WBB might get cranky, but this one makes me laugh my ass of EVERY time.

Remember....ANY car can be bad ass, but ANY car can be made fun of too


----------



## green se-r (Mar 27, 2003)

lmao, nice video, good sound effects


----------



## BoiWiDNrg (Mar 26, 2003)

hahahaha...the civic nation commercial crackz me up tooo!!!!


----------



## dry (Oct 21, 2002)

IMO whoever added those sound effects messed up a good commercial. Its a good video with some decent vehicles in it.


----------



## cburwell (Oct 11, 2002)

That civic is a great sleeper! I have to admit, that muffler makes me look twice!

On a side note that Vipe sounds bad ass!


----------



## UpChuck (Jul 20, 2002)

DryBoy said:


> *IMO whoever added those sound effects messed up a good commercial. Its a good video with some decent vehicles in it. *


Ive heard that on an insanity test before. Its got a picture of Michael Schumacher's Ferarri and you are supposed to look at it for 60 seconds without laughing. Pretty much impossible.

Caution: Insanity Test 

If you are at work you may want to turn off your speakers. But it kind of defeats the point.

There are some pretty good cartoons on that site too.


----------



## myoung (Apr 15, 2002)

First off who said ALL Honda owners are ricers????
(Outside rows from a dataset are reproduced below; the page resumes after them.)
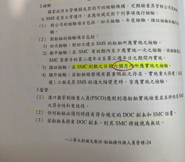 25. 國家政府主管機關或其認可的檢驗機構,應定期檢查其管轄公司及船舶之SMS是否正
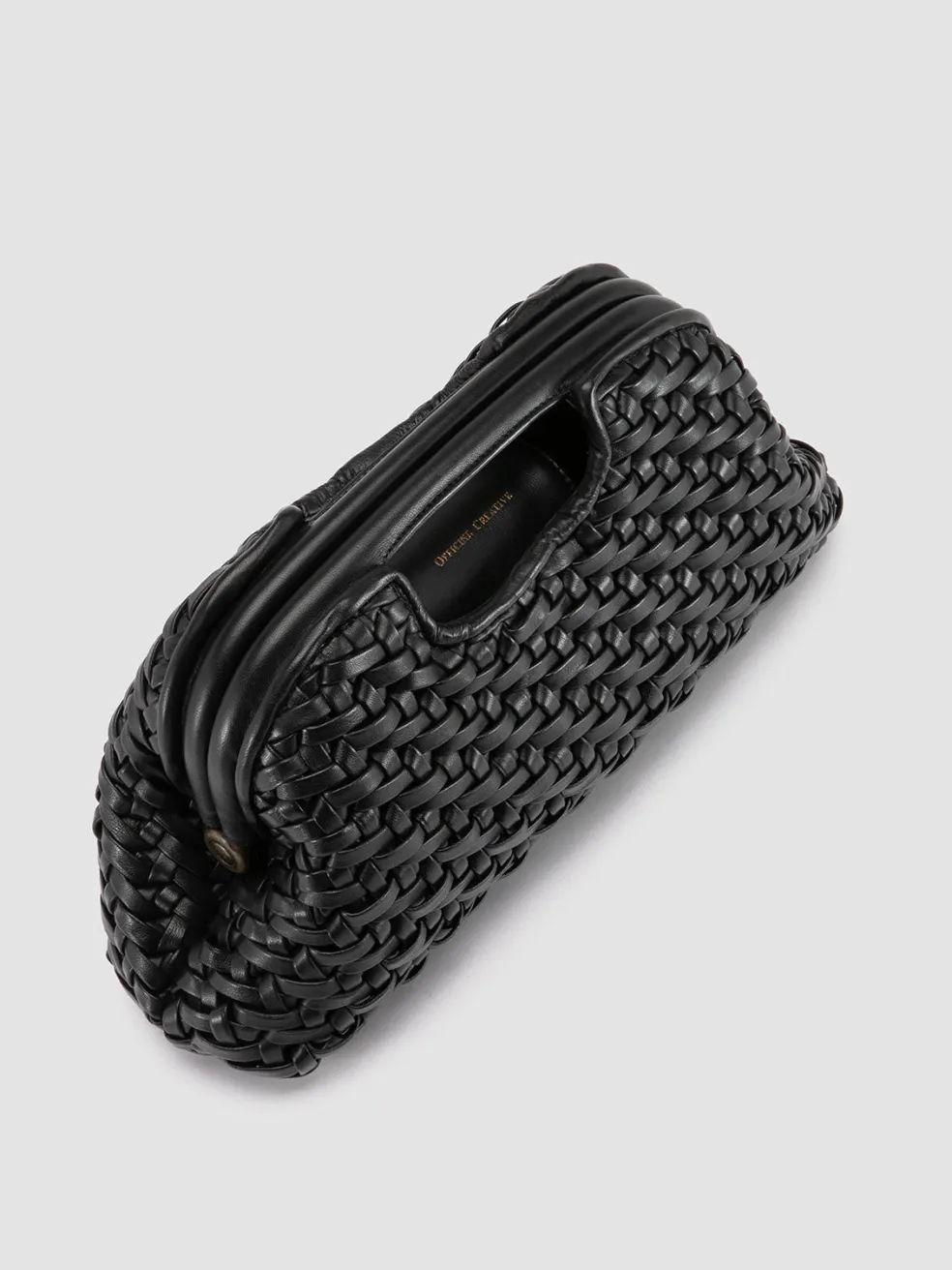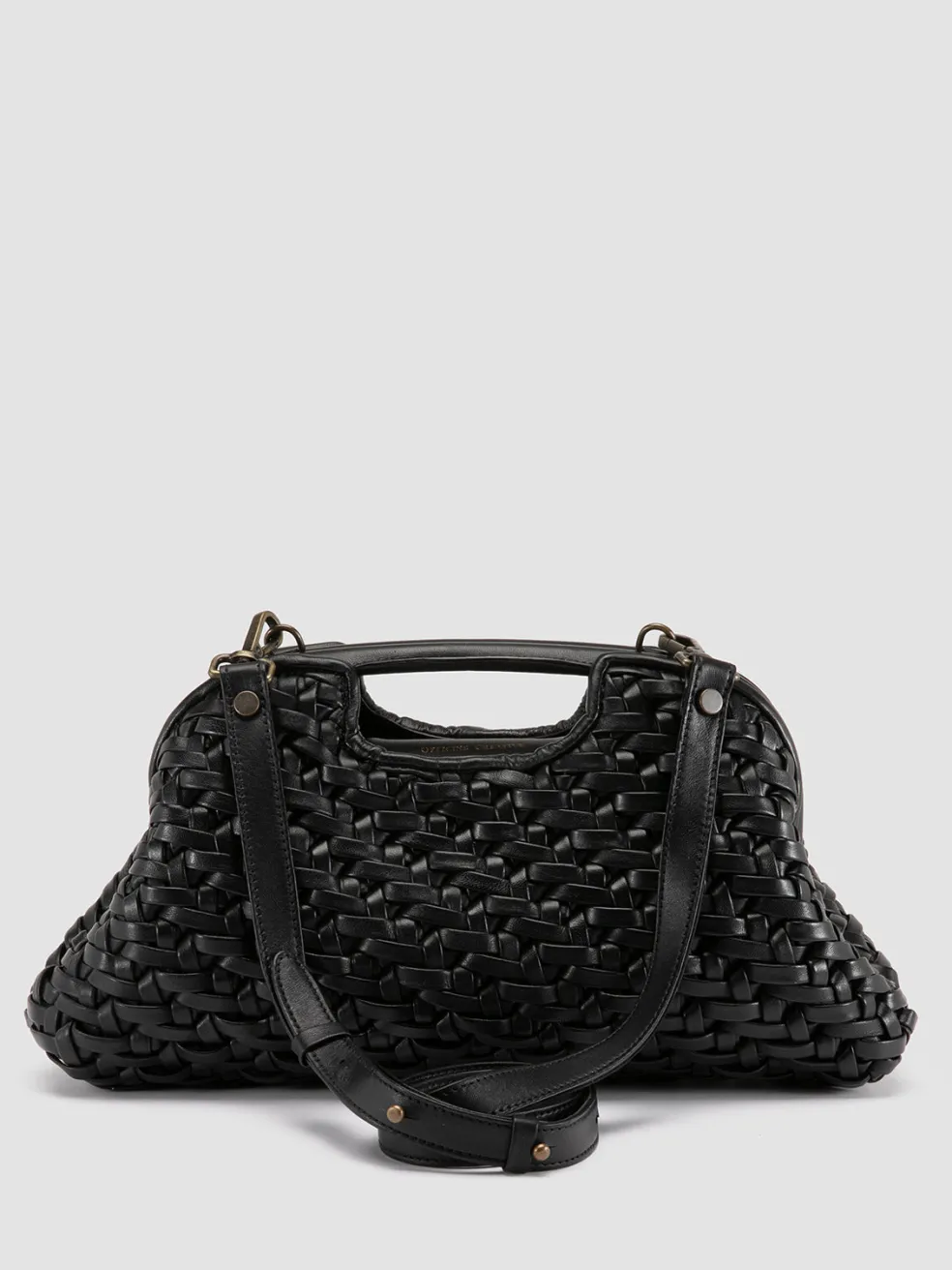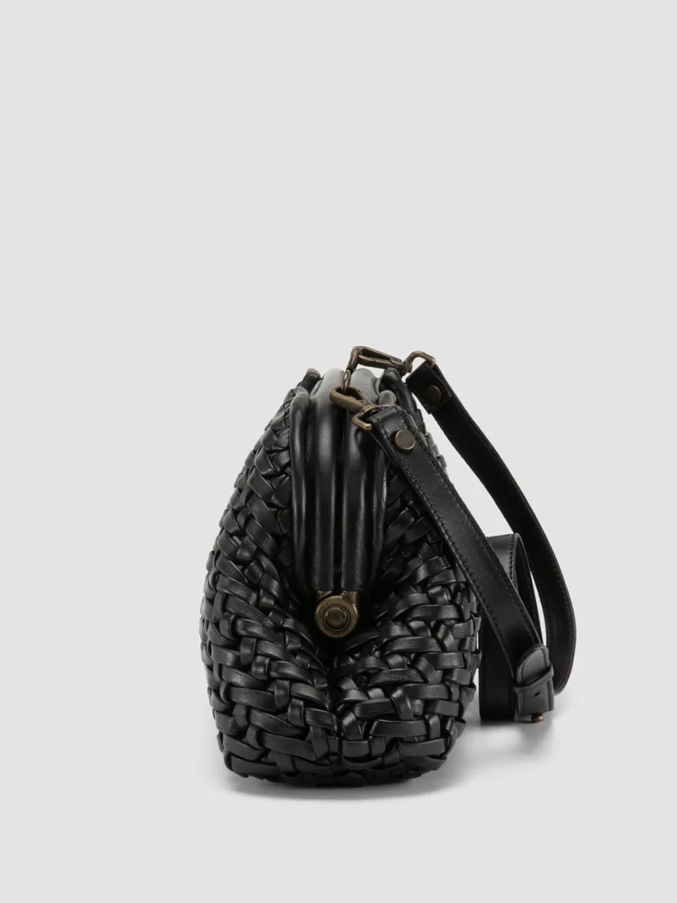 A refined and exclusive vintage-style design distinguishes our Helen medium clutch bag in fine black woven leather. Made entirely by hand by our craftsmen, it shows two rigid top handles, adjustable and detachable thin shoulder strap, fabric lining, internal panel with magnetic button fastening and embossed lettering logo, inside zip pocket and antiqued gold-tone metal hardware.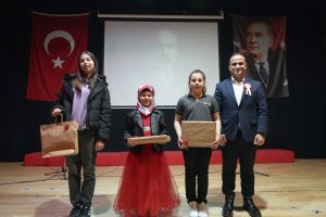 Programda “İstiklal Marşı’nı Güzel Okuma” yarışmasında derece alan öğrencilere ödül verildi. İlkokul kategorisinde Yalı İlkokulu’ndan Eliz Hira Gencer birinci, Manavpınarı İlkokulu’ndan Beyza Gül İkinci, Fatih Sultan Mehmet İlkokulu’ndan Ayşe Beyza Kurtipek üçüncü oldu. Ortaokul kategorisinde Karasu İmam Hatip Ortaokulu’ndan Zeynep Canseza Celep birinci, Gazi Ortaokulu’ndan Havva Ersöz ikinci, Sezi Eratik Ortaokulu’ndan Zeynep Esendemir üçüncü oldu.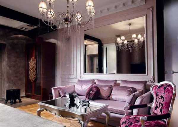 - Классика – мебель в этом интерьере потребуется дорогая, из натурального дерева, но может относиться к разным эпохам. Предметы обстановки должны иметь симметричный, правильный облик, строгих форм, обильно украшенные резьбой с массивными очертаниями. Возле лилового дивана из бархатной обивки располагают козетки, кресла, пуфы бежевых и лавандовых оттенков. В качестве декора используют зеркала в позолоченных рамах, скульптуры, карандашные наброски классической живописи. Угловой, пристенный или островной камин из мозаичной плитки будет настоящим украшением в интерьере гостиной.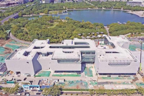 從空中俯瞰無錫美術(shù)館,其形似太湖石的建筑造型已躍然于尚賢湖畔。內(nèi)部設(shè)計也透露出濃厚的藝術(shù)氣息。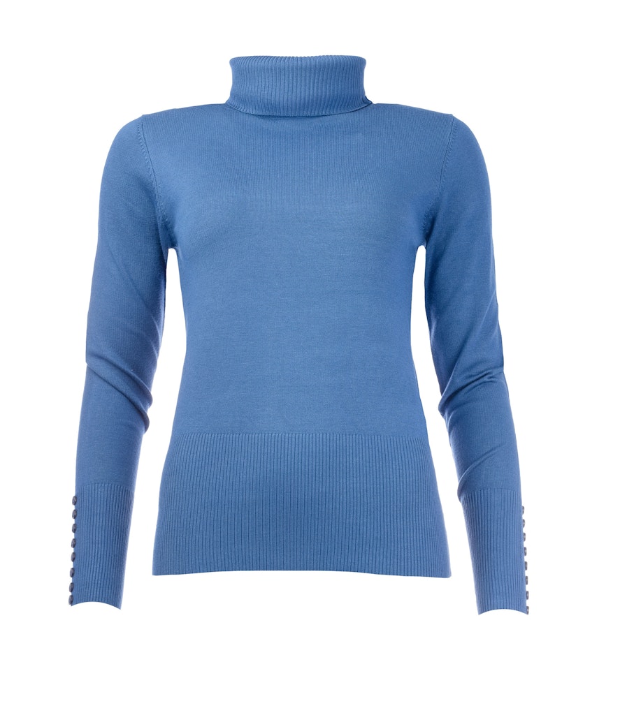 Coltrui van N.E.D. met lange mouwen voorzien van brede ribgebreide manchetten met knopen en een brede ribgebreide boord aan de onderzijde. Materiaal: Viscose 80%| polyamide 20%

No doubt there is more Honda Rice than any other import, but to say ALL is a little over the top.. To ignor the fact that a lot of nice cars carry the H is wrong...even if they are still torque'less


----------



## Wont Be Beat (Sep 20, 2002)

I believe it stems to all the "Stupid Honda rice boys suck...." posts before I began regulating.


----------



## my420sx (May 12, 2002)

green se-r said:


> *lmao, good sound effects *


Yup! Good imitation, it almost soulds like a honda.


----------



## 707nismo (Mar 14, 2003)

sleepers kick ass


----------



## ForsakenRX7 (Mar 14, 2003)

Its a nice Honda I'll give the guy that. Thats a lot of money dumped into that motor. however, I could only call it a sleeper based upon its looks. I imagine when that thing cranks up its a totally differant story. The sounds it would emit would be differant than any "rice" honda you've ever seen.


----------



## BORNGEARHEAD (Apr 30, 2002)

I guess I just don't care about Hondas. That is why I am on a Nissan forum. Please return to our local programming. Thank you.


----------



## dry (Oct 21, 2002)

well as a person into cars I would figure you would respect ANY car that has power, not just nissans... I guess thats why you read a post about hondas....

if you were on a whale forum and saw something about dolphins would you be that rude?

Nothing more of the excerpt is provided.